DEWEY BALLANTINE LLP
1301 AVENUE OF THE AMERICAS
NEW YORK, NEW YORK 10019-6092
TEL 212 259-8000 FAX 212 259-6333
October 21, 2005
Securities and Exchange Commission
450 Fifth Street, N.W.
Washington, D.C. 20549
Re: Amendment No. 1 to the Platinum Underwriters Finance and Platinum Underwriters Holdings
Registration Statement on Form S-4
Dear Ladies and Gentlemen:
On behalf of our clients, Platinum Underwriters Finance, Inc., a Delaware corporation (the “Company”), and Platinum Underwriters Holdings, Ltd., a Bermuda corporation (the “Guarantor”), we hereby submit for filing under the Securities Act of 1933, as amended (the “Securities Act”), by electronic submission pursuant to the EDGAR program of the Securities and Exchange Commission (the “Commission”), Amendment No. 1 to the Company’s and the Guarantor’s Registration Statement on Form S-4 and exhibits, for registration under the Securities Act of securities in connection with an exchange offer described in the Amendment No. 1 to the Registration Statement pursuant to the Commission's Exxon Capital line of No Action Letters.
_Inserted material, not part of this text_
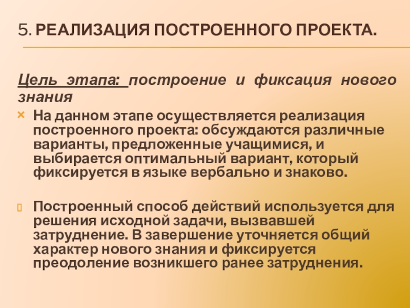 этапе осуществляется реализация построенного проекта: обсуждаются различные варианты, предложенные учащимися, и выбирается оптимальный вариант, который фиксируется в языке вербально и знаково.

If you have any questions concerning the foregoing, please contact me at (212) 259-6680 (or email at jfreedman@dbllp.com).
Very truly yours, | |||||
/s/ Jonathan L. Freedman Jonathan L. Freedman |
Enclosure
cc: Michael E. Lombardozzi
Executive Vice President, General Counsel
& Chief Administrative Officer
Platinum Underwriters Holdings, Ltd.